Sgt. 1st Class Jose Serrano, a 27-year Army veteran with three Afghanistan deployments, says his wife may still be deported even after Immigration and Customs Enforcement released her from custody. Deisy Rivera Ortega, an El Salvador native who lives and works at Fort Bliss in El Paso, was detained April 14 during an immigration appointment tied to her application for Military Parole in Place.
Her case lays bare the narrow protections available to some military families. Military Parole in Place is a discretionary program run through U.S. Citizenship and Immigration Services and the Department of Homeland Security that can help certain spouses and parents of service members remain in the United States legally. But it is not automatic, and it does not erase a removal order already on the books.

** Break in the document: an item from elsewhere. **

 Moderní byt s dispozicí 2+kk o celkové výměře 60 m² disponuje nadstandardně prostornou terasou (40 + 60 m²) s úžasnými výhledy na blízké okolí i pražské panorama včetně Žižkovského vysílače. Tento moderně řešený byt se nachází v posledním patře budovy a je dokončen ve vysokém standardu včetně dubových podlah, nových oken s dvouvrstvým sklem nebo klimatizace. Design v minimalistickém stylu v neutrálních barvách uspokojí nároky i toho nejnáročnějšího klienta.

That is the obstacle still hanging over Rivera Ortega. DHS has said she was subject to a final order of removal dated December 12, 2019. After roughly a month in ICE custody, she was released, but under strict supervision: a GPS tracking device, mandatory home visits and regular ICE check-ins. Serrano’s fear is that release from custody is not the same as relief from deportation, and the government still holds the power to move her case forward.

Rivera Ortega entered the United States in 2016 near Rio Grande Valley, Texas, and has a valid work permit through 2030. She had also previously been granted withholding of removal from El Salvador, a separate form of protection that can block deportation to a specific country even when a person remains in immigration proceedings. Her pending Parole in Place request could, if approved, allow her to pursue a green card through her marriage to a U.S. citizen.
The case has also drawn political attention. Sen. Tammy Duckworth personally urged DHS Secretary Markwayne Mullin to release Rivera Ortega, arguing she should never have been put in that position. The episode fits a broader pattern in which ICE detentions of relatives of U.S. service members have become more common in recent months, a jarring contrast to the military-family rhetoric often used to describe support for troops.

For Serrano, the uncertainty is the point. His wife is out of ICE custody, but still under surveillance, still subject to immigration enforcement, and still living with a removal order that leaves her status unresolved. In the bureaucracy of immigration, release can mean only that the next stage has begun.